Send back the line that contains "Kevinho mostra mãe" and all lines following it through the end of the data below, exactly, omitting pictures.

Items from a dataset
Content starts

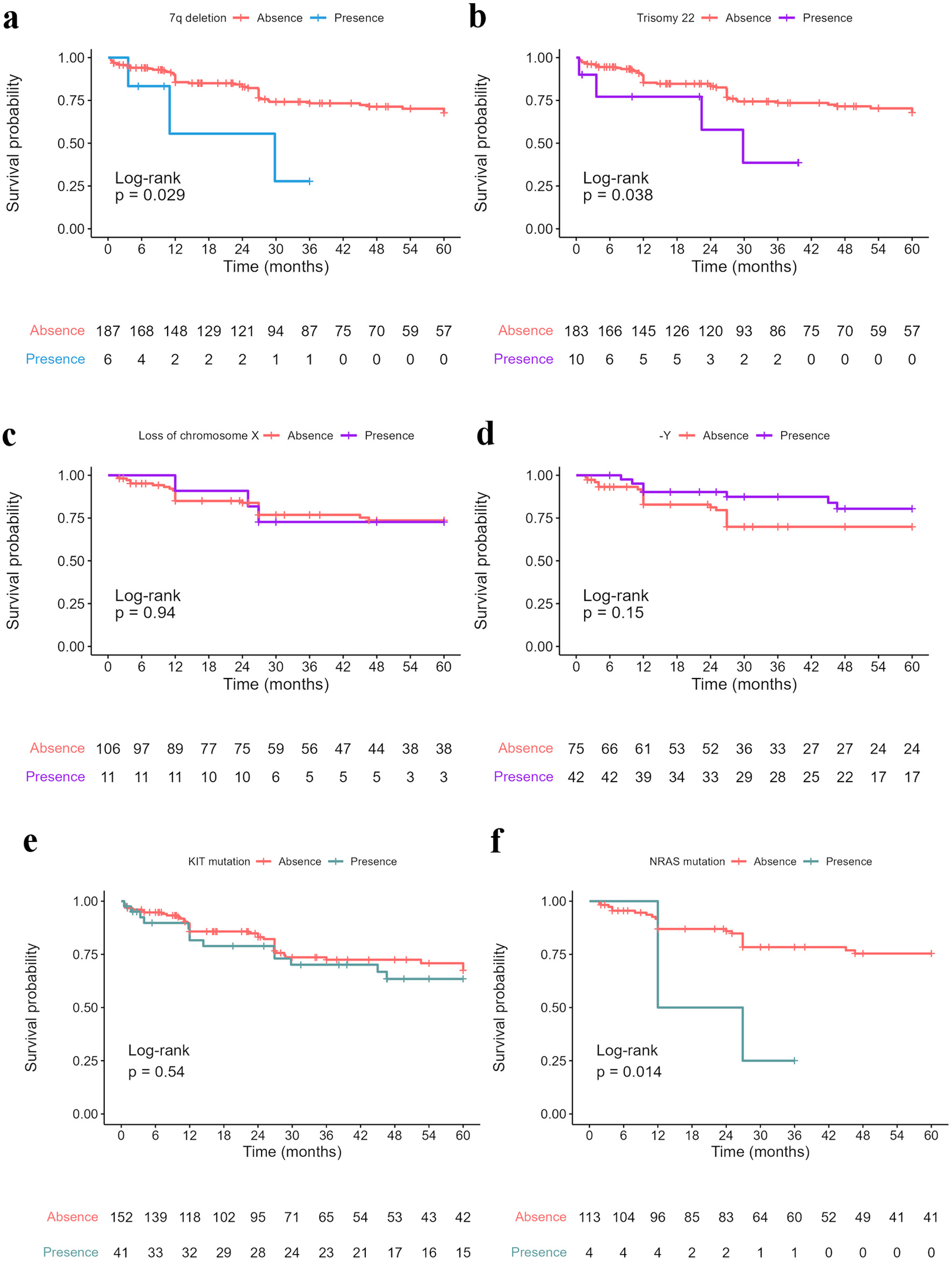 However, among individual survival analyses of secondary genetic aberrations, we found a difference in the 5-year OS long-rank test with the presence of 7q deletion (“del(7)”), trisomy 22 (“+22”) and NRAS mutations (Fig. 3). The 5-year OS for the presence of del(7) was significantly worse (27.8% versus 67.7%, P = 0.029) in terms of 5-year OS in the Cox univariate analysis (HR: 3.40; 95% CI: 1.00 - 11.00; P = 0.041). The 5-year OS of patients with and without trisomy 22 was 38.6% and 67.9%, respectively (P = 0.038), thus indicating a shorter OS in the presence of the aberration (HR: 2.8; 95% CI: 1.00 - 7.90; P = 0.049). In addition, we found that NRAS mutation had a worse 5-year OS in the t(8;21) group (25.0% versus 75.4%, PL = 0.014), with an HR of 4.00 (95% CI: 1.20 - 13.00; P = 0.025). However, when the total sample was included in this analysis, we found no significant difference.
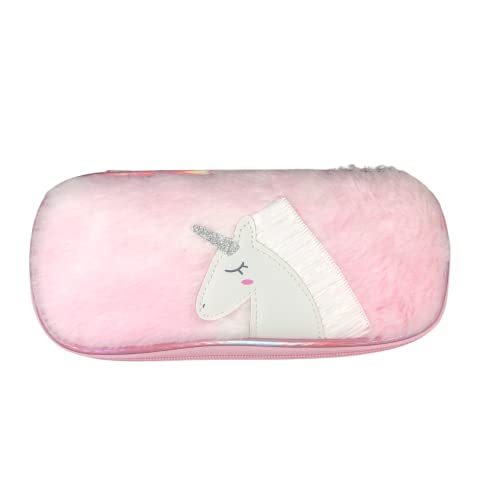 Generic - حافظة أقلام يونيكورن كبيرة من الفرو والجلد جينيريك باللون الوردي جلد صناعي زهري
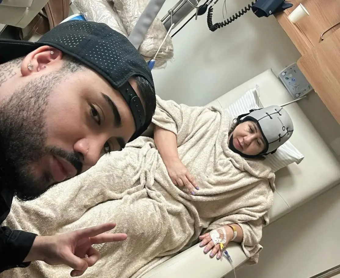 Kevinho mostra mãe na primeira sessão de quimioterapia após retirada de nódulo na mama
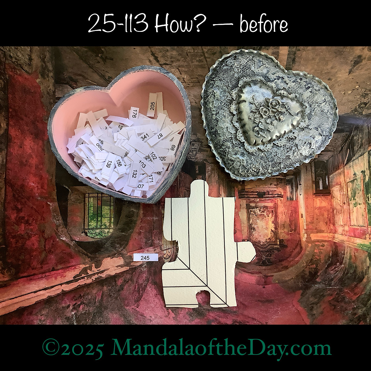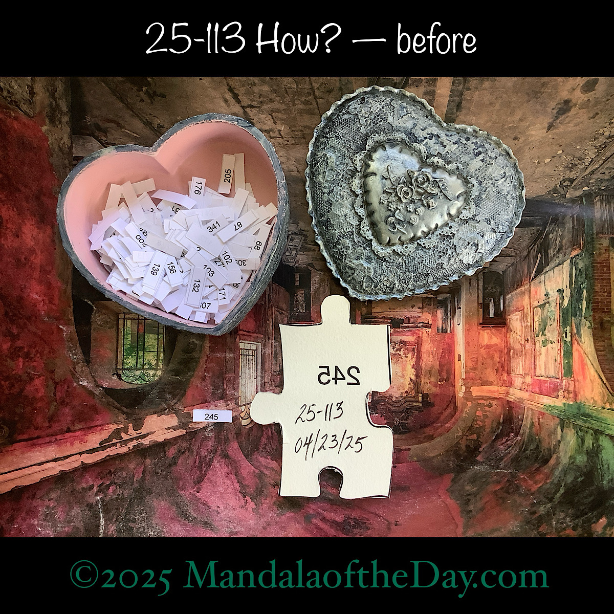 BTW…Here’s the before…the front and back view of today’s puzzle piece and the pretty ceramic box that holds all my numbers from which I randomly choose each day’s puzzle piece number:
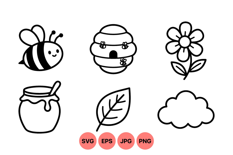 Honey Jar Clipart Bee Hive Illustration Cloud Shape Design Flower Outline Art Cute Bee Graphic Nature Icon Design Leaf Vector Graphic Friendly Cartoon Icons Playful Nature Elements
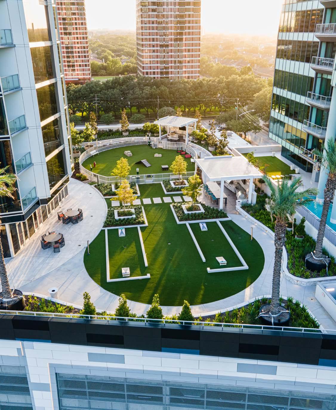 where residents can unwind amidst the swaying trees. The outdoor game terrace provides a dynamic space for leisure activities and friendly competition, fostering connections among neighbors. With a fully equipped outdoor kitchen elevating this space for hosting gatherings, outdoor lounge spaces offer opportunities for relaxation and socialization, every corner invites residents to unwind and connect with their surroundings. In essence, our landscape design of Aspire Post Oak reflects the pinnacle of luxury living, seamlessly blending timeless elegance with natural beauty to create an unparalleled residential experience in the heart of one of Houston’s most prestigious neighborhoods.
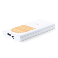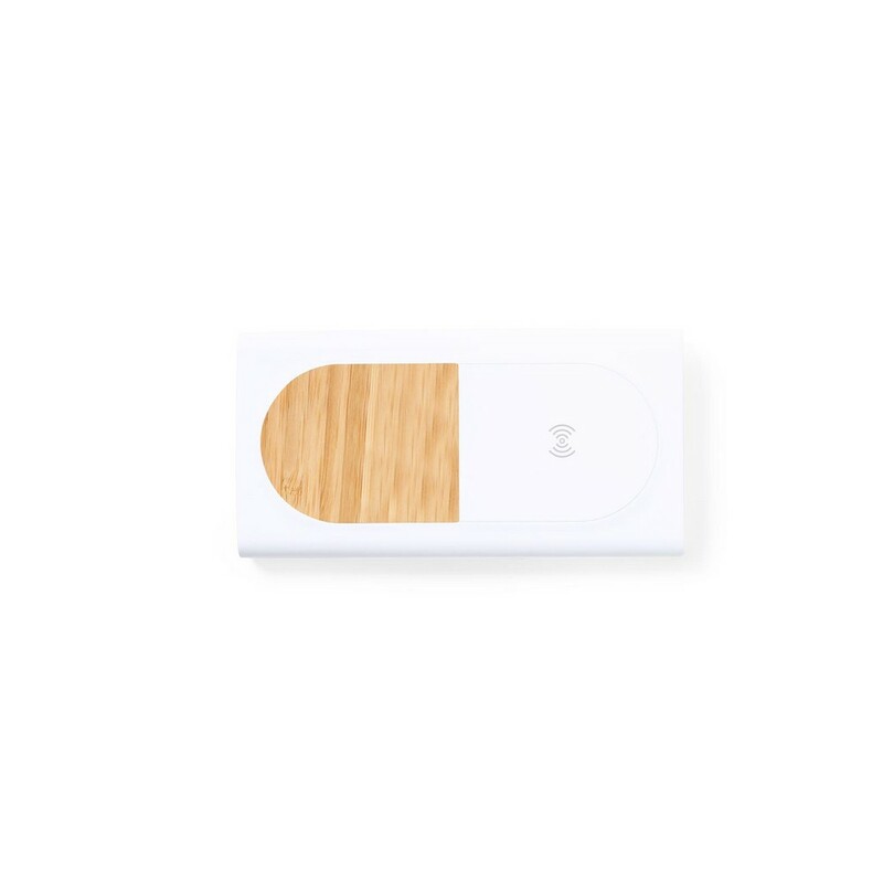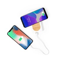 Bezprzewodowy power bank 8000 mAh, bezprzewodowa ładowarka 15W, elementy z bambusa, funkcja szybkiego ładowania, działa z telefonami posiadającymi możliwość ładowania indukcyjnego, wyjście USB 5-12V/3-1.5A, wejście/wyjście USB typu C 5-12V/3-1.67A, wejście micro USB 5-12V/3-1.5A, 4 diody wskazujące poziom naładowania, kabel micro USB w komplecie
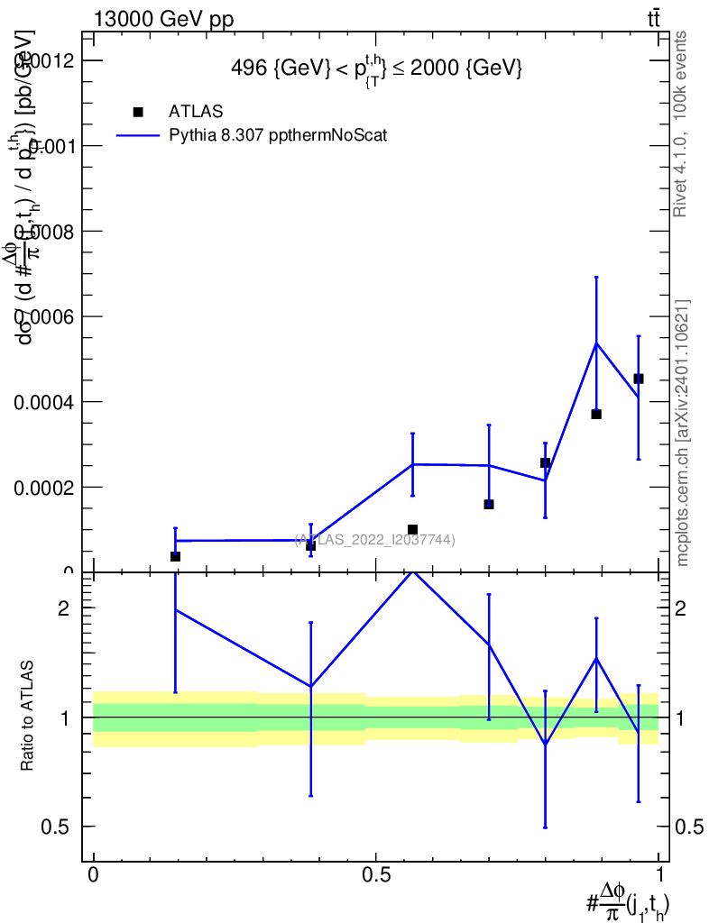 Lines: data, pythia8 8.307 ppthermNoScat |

Content ends

* [RESPONSE AREA]
 Kevinho mostra mãe na primeira sessão de quimioterapia após retirada de nódulo na mama
 BTW…Here’s the before…the front and back view of today’s puzzle piece and the pretty ceramic box that holds all my numbers from which I randomly choose each day’s puzzle piece number:
 Honey Jar Clipart Bee Hive Illustration Cloud Shape Design Flower Outline Art Cute Bee Graphic Nature Icon Design Leaf Vector Graphic Friendly Cartoon Icons Playful Nature Elements
 where residents can unwind amidst the swaying trees. The outdoor game terrace provides a dynamic space for leisure activities and friendly competition, fostering connections among neighbors. With a fully equipped outdoor kitchen elevating this space for hosting gatherings, outdoor lounge spaces offer opportunities for relaxation and socialization, every corner invites residents to unwind and connect with their surroundings. In essence, our landscape design of Aspire Post Oak reflects the pinnacle of luxury living, seamlessly blending timeless elegance with natural beauty to create an unparalleled residential experience in the heart of one of Houston’s most prestigious neighborhoods.
 Bezprzewodowy power bank 8000 mAh, bezprzewodowa ładowarka 15W, elementy z bambusa, funkcja szybkiego ładowania, działa z telefonami posiadającymi możliwość ładowania indukcyjnego, wyjście USB 5-12V/3-1.5A, wejście/wyjście USB typu C 5-12V/3-1.67A, wejście micro USB 5-12V/3-1.5A, 4 diody wskazujące poziom naładowania, kabel micro USB w komplecie
 Lines: data, pythia8 8.307 ppthermNoScat |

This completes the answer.